Finally, use `print_metrics()` to print the evaluation metrics for the test predictions stored in `test_preds`, and the corresponding labels in `y_test`. 

In [15]:
# Import the necessary functions
from sklearn.metrics import precision_score, recall_score, accuracy_score, f1_score


In [16]:
# Complete the function
def print_metrics(labels, preds):
    from sklearn.metrics import precision_score, recall_score, accuracy_score, f1_score
    
    print("Precision Score: {}".format(precision_score(labels, preds)))
    print("Recall Score: {}".format(recall_score(labels, preds)))
    print("Accuracy Score: {}".format(accuracy_score(labels, preds)))
    print("F1 Score: {}".format(f1_score(labels, preds)))
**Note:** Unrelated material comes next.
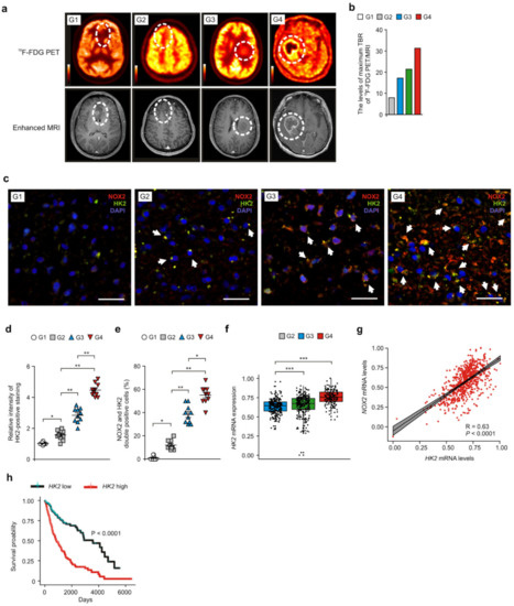 Next, we investigated whether high levels of NOX2 contribute to high levels of glucose uptake and HK2 expression in patients with GBM. First, we analyzed the levels of glucose uptake in patients with glioma using 18F-FDG PET with MRI analysis. The high radiomics signature of glucose uptake and the levels of maximum TBR in the 18F-FDG PET/MRI images were significantly elevated in patients with GBM relative to those in G1–G3 glioma patients (Figure 4a,b). We analyzed the protein levels of HK2 in NOX2-positive glioma cells of patients with GBM using immunofluorescence staining (Figures 4c and S3). The intensity of HK2-positive staining and the number of cells that have subcellular co-localization of HK2 and NOX2 were elevated in patients with GBM (G4) and G3 glioma relative to those in patients with low-grade glioma (G1, G2) (Figure 4d,e). Notably, the levels of HK2 and the number of cells that have subcellular co-localization of HK2 and NOX2 were significantly increased in patients with GBM relative to those in G2 and G3 gliomas (G2, G3) (Figure 4d,e). Similar to the cohort I, the levels of HK2 and NOX2 were elevated in patients with G3 glioma (G3) relative to those in G1 and G2 gliomas (G1, G2) in the cohort II (Table S2 and Figure S4a). The intensity of HK2-positive staining in NOX2-positive staining (Figure S4a–c) and the number of cells showing subcellular co-localization of HK2 and NOX2 were increased in patients with G3 glioma (G3) relative to those in G1 and G2 gliomas (G1, G2) (Figure S4d). Moreover, the levels of the HK2 gene were significantly elevated in GBM (G4) compared to G2 glioma (G2) in the analysis of the GBM and LGG datasets from TCGA (Figure 4f) and REMBRANDT (Figure S5). The expression levels of HK2 and NOX2 mRNA were positively correlated in patients with glioma in the analysis of the GBM and LGG datasets from TCGA (Figure 4g). The high levels of the HK2 gene were associated with the poor survival of patients with glioma in the analysis of the GBM and LGG datasets from TCGA (Figure 4h). These results suggest that high levels of NOX2 contribute to high levels of glucose uptake and HK2 expression in patients with GBM.

# Use the function to print metrics for the test predictions
print_metrics(y_test, test_preds)


Precision Score: 0.7222222222222222
Recall Score: 0.7536231884057971
Accuracy Score: 0.7921348314606742
F1 Score: 0.7375886524822695


> Interpret each of the metrics above, and explain what they tell you about your model's capabilities. If you had to pick one score to best describe the performance of the model, which would you choose? Explain your answer.

Write your answer below this line: 


________________________________________________________________________________

Let’s break down the metrics and interpret each one in the context of your KNN model's performance:

---

### **Metric Interpretations**:

1. **Precision Score: 0.722**
   - Precision measures the proportion of positive predictions that were actually correct. 
   - **Interpretation**: Out of all the passengers predicted to survive, 72.2% actually survived. 
   - **Significance**: This metric is important when the cost of false positives (e.g., predicting survival when the passenger didn’t survive) is high.
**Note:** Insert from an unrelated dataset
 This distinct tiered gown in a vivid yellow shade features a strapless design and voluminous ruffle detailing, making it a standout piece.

2. **Recall Score: 0.754**
   - Recall (also known as sensitivity) measures the proportion of actual positives correctly identified.
   - **Interpretation**: The model correctly identified 75.4% of the passengers who actually survived.
   - **Significance**: Recall is critical when the cost of false negatives (e.g., failing to predict survival when the passenger actually survived) is high.

3. **Accuracy Score: 0.792**
   - Accuracy measures the proportion of correct predictions (both positives and negatives) out of all predictions.
   - **Interpretation**: The model correctly predicted survival or non-survival for 79.2% of passengers.
   - **Significance**: Accuracy is a general metric but may not be reliable in datasets with class imbalance.

4. **F1 Score: 0.738**
   - The F1 Score is the harmonic mean of precision and recall, balancing both metrics.
   - **Interpretation**: The F1 Score of 73.8% reflects a balance between the precision and recall of the model.
   - **Significance**: F1 is particularly useful when the dataset has an imbalance between classes (e.g., more non-survivors than survivors).

---

### **Which Metric Best Describes the Model?**

- If **class imbalance** exists in the dataset (e.g., significantly more non-survivors than survivors), **F1 Score** is the most reliable metric. It balances precision and recall, providing a holistic view of the model's performance.
- If the **cost of false negatives** is high (e.g., missing survivors is critical), **Recall** might be more critical.
- If the **cost of false positives** is high (e.g., incorrectly identifying survivors is costly), **Precision** would be more important.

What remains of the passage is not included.